Aiden Singh: So you transitioned over to the political side and you served as an adviser to Rishi while he was Chancellor of the Exchequer from 2020 to 2022. One of the most high-profile things - maybe the most high-profile thing - the chancellor does is the presenting of the budget. There’s a whole spectacle around it with the red box.

Take us inside Number 11 in the days leading up to the budget. What kinds of conversations are happening? How are the various ministries involved, if at all? And how involved is Number 10 in shaping the budget? Give us some of the background in terms of the lead-up.

It’s a pretty fun and interesting moment in politics and policy. There’s always something in that budget that people are going to hate. You’re not going to satisfy everybody.

James Nation: The first thing to say is that in the days leading up to the budget, the big decisions need to be locked-in well in advance. 

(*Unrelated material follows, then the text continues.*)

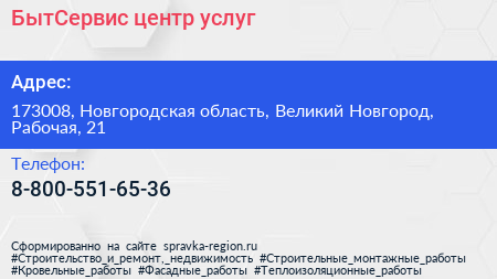 БытСервис, центр услуг по адресу 173008, Новгородская область, Великий Новгород, Рабочая, 21 в дальнейшем Организация, размещена в следующих категориях: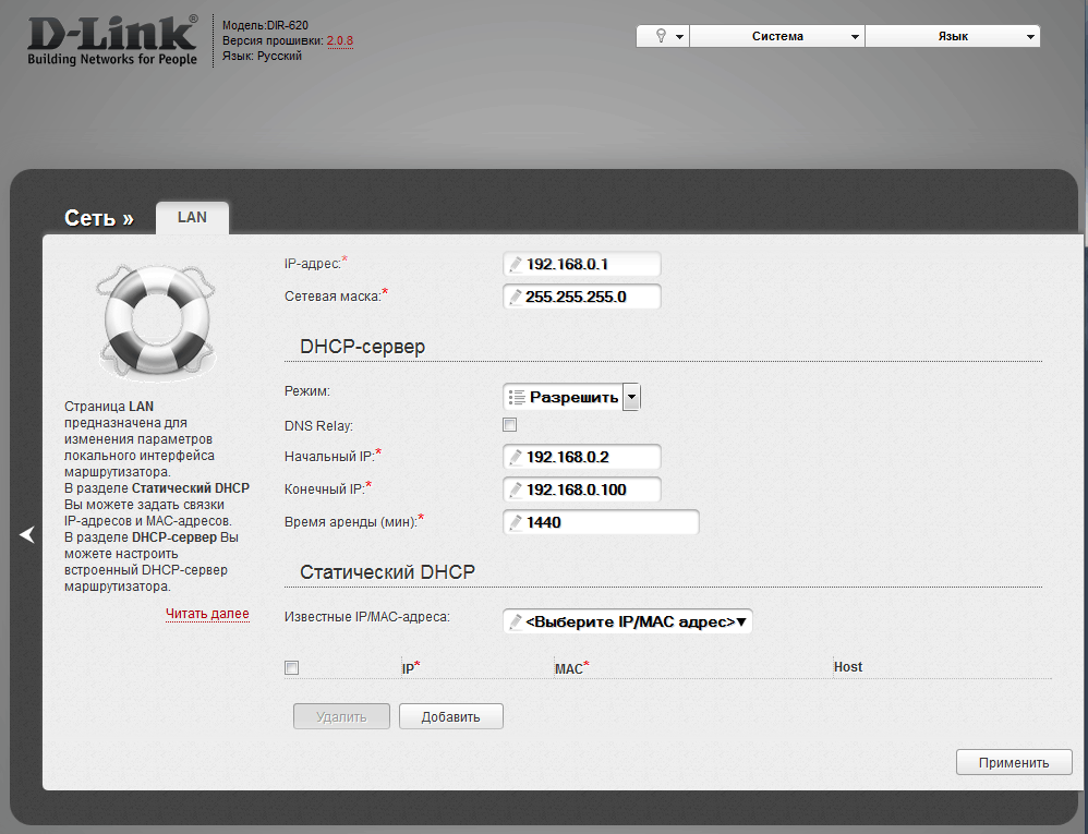 Комментарий к файлу: Вкладка Сеть - LAN

One key aspect of the British system is that the fiscal forecaster, the independent Office for Budget Responsibility (OBR), not the Treasury, is responsible for producing a range of fiscal and economic forecasts. The OBR needs all the measures and policies that will go into the budget in advance so they can plug the numbers in and produce the final forecast. That means proposals have to be submitted to the OBR weeks ahead of the budget.

There are some exceptions. For instance, as long as the aggregate spending totals on particular measures are acceptable, the OBR may not be concerned about whether you and Number 10 decide to allocate a billion to one department versus another. 

However, you cannot turn up a few days before the budget and suddenly announce a massive tax increase or cut.

Let me clarify: the government is ultimately sovereign, so could if they wanted to act. But the OBR would have no way to cost the measures or assess their impact on the economy. 

If you’re the Chancellor, you’re focused on your speech. This is a major moment in the House of Commons. You’re also concentrating on the key messages and lines you want to hit in the media afterwards.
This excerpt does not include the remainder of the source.